The latest debate on the Harvard University campus is the amount of accomodation to give to practices of Islam. Should they admit only women to a gym a few hours a week, should they allow a muezzin's call to prayer to be heard in the Harvard Yard...
These are some of the issues that many universities - the ivory towers of academic and free-thought - are being challeneged with. Opponents have suggested that the imposition of Islamic strictures on the Harvard student body contravenes the ethos that the institution is trying to foster, and may impede or even offend other students in their daily goings on.
Ruth Marcus has an article about this in today's WashPost.
Here's an excerpt:
""
My reaction is more along the lines of: "Get a grip." It's reasonable to set aside a few off-peak hours at one of Harvard's many gyms. It's not offensive to have the call to prayer echoing across Harvard Yard, any more than it is to ring church bells or erect a giant menorah there.
I share the apprehensions stirred up by the more radical followers of Islam, with their drive to restore the caliphate and subjugate women. But I come to this issue as a member of another minority religion, Judaism, whose adherents often seek flexibility from the majority culture in order to practice their faith. As with Islam, my religion's more observant believers endorse practices -- segregating the sexes at prayer, excluding women from engaging in certain rituals -- that I find disturbing, bordering on offensive. I have relatives who would shrink from shaking my hand. Still, I would defend to the death their right not to touch me.
Certainly, accommodation has its limits. Ten years ago, Orthodox Jewish students at Yale sued -- unsuccessfully -- after the university refused their requests to live off campus because, they claimed, living in co-ed dorms would violate their religious principles. Muslim students at Australian universities are demanding course schedules that fit into their prayer times and separate, female-only dining areas. In Britain, female Muslim medical students have objected to being required to roll up their sleeves to scrub and to exposing their forearms in the operating room. Fine with me if they need a place to scrub in private, but your right to exercise your religion ends where my safety begins.
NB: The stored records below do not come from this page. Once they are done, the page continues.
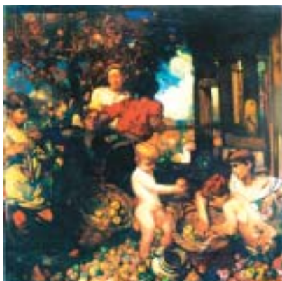
フランク・ブラングィン/《りんご搾り》/1902年/油彩・カンヴァス/ リス・ファイン・アート/ Photo: LISSFINEART.COM/©David Brangwyn
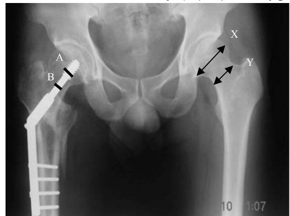
شکل ۲- نحوه اندازه‌گیری معیارهای X-Y-A-B

میانگین سنی در ۱۲۸ بیمار مورد مطالعه ۷۴/۴ سال و حداقل سن ۷۰ سال و حداکثر آن ۸۰ سال بوده است. در این مطالعه ۸۶ بیمار (۶۷٪) زن و ۴۲ بیمار (۳۳٪) مرد بوده‌اند.
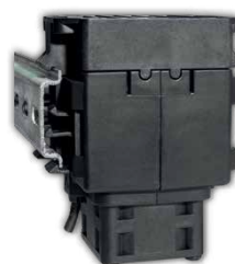
DIN Schiene 35mm

A regime of reasonable accommodation inevitably entails difficult -- Talmudic, even -- line-drawing. That's not true of the claim that the call to prayer offends because it proclaims publicly what other religions are polite enough to keep private: the exclusive primacy of their faith. Surely even Harvard students aren't so delicate that they can't cope with hearing speech with which they disagree -- in a language they don't understand.
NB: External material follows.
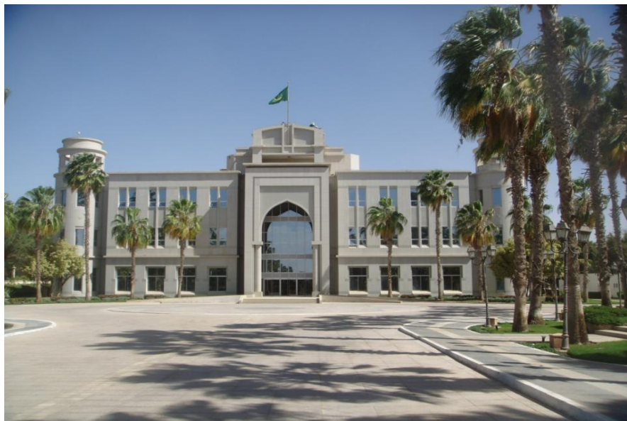
毛里塔尼亚总统府

All of this matters not because it's Harvard but because it underscores that America is not immune from the tensions over Islamic rights that have gripped Western Europe. In the Washington area earlier this year, a Muslim runner was disqualified from a track meet after officials decreed that her body-covering unitard violated the rules.
There have been similar disputes over women seeking to wear headscarves on the college basketball court or while walking the police beat. More problematically, Muslim cabdrivers at the Minneapolis airport sought unsuccessfully last year to be excused from picking up passengers carrying alcohol.
The wisdom of the Framers ensures that some of the excesses of Europe -- in both directions -- won't be replicated here. The French ban on students wearing headscarves would not only be unimaginable in the United States, it would also violate the Constitution's free-exercise clause. The archbishop of Canterbury recently suggested that the British legal system should incorporate aspects of sharia law; that, too, would be unimaginable here and would violate the establishment clause.
But the Constitution goes only so far to help American society navigate the familiar issues raised by this unfamiliar religion. Muslim women who enroll at Harvard and turn up in hijabs at its gyms reflect a strand of Islam that society ought to encourage, the better to compete with its more odious cousins.""
Where would you draw the line - between accomodation, and compromising one's own freedoms?
Ruth's rule that all is fine up to the point "wherel my safety begins." I think i disagree? This issue is not about safety, it is about how accomodating a society should be to the many divergent views and practices that it has within it. For increasingly multi-cultural, multi-racial, multi-religious societies like many in Europe, America and Asia-Pacific --- this is a major issue for them. It cannot be a free for all... there need to be rules and restrictions governing every right. That is the price of inclusion in a modern society.
So how do we accomodate, not alienate, but at the same time how do we embrace, without losing anything in so doing?